YOUR TASK >> Your task is to copy the data exactly while leaving out every picture.

DATASET EXCERPT >>
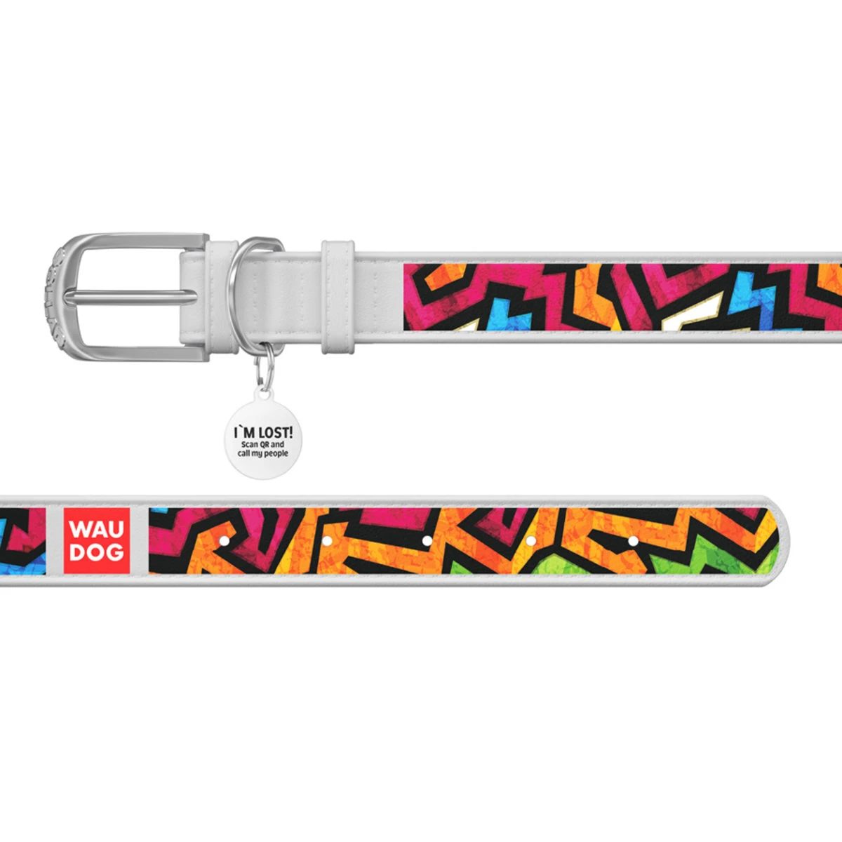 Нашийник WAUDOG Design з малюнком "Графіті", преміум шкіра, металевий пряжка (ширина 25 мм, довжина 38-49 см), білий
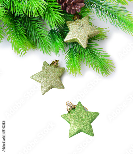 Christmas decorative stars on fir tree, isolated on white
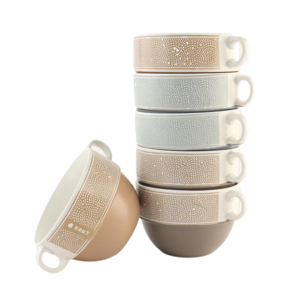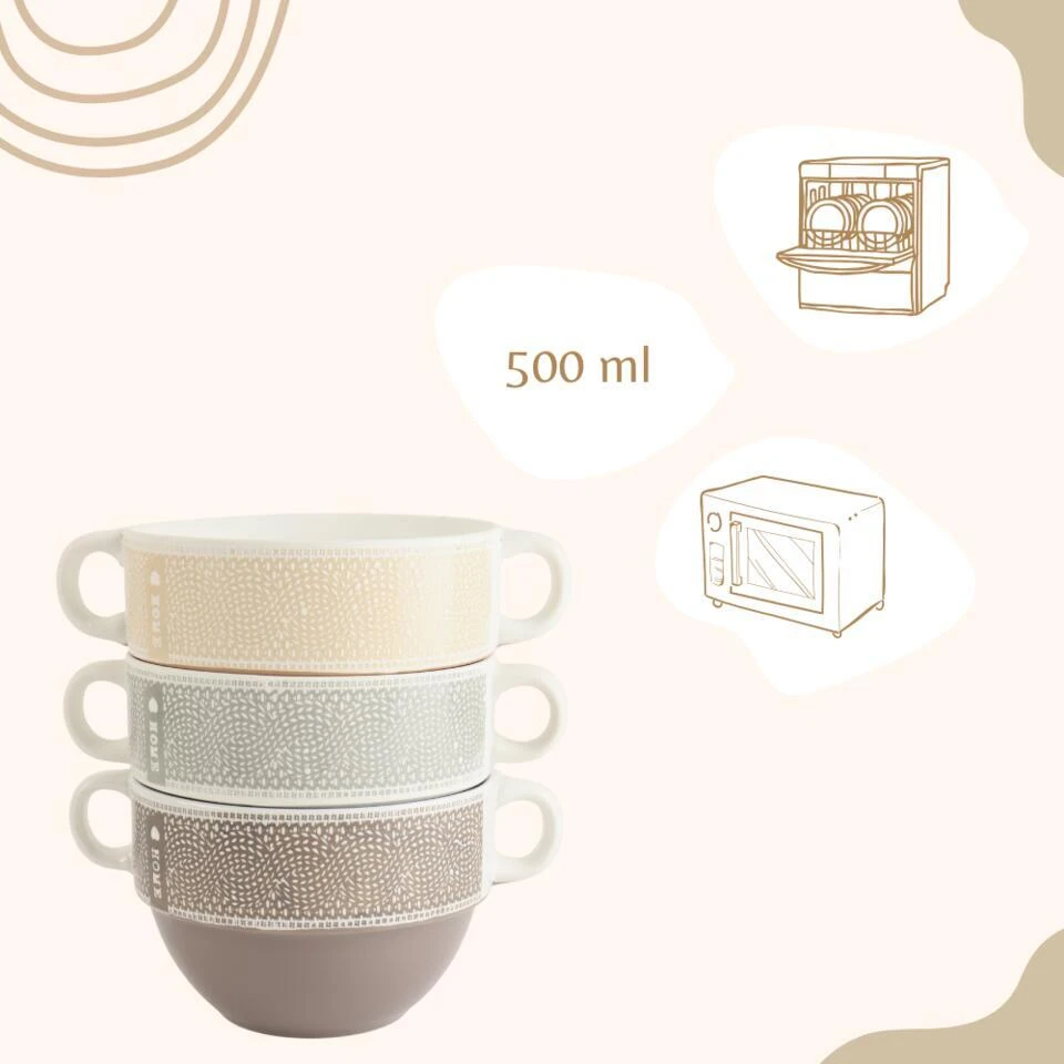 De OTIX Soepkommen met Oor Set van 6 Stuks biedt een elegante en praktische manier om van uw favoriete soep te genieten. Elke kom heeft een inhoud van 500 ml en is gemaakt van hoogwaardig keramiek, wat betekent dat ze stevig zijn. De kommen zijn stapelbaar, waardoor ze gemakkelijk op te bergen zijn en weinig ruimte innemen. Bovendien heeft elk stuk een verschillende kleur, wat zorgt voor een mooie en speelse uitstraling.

OUTPUT BELOW >>
 Нашийник WAUDOG Design з малюнком "Графіті", преміум шкіра, металевий пряжка (ширина 25 мм, довжина 38-49 см), білий
 Christmas decorative stars on fir tree, isolated on white
 De OTIX Soepkommen met Oor Set van 6 Stuks biedt een elegante en praktische manier om van uw favoriete soep te genieten. Elke kom heeft een inhoud van 500 ml en is gemaakt van hoogwaardig keramiek, wat betekent dat ze stevig zijn. De kommen zijn stapelbaar, waardoor ze gemakkelijk op te bergen zijn en weinig ruimte innemen. Bovendien heeft elk stuk een verschillende kleur, wat zorgt voor een mooie en speelse uitstraling.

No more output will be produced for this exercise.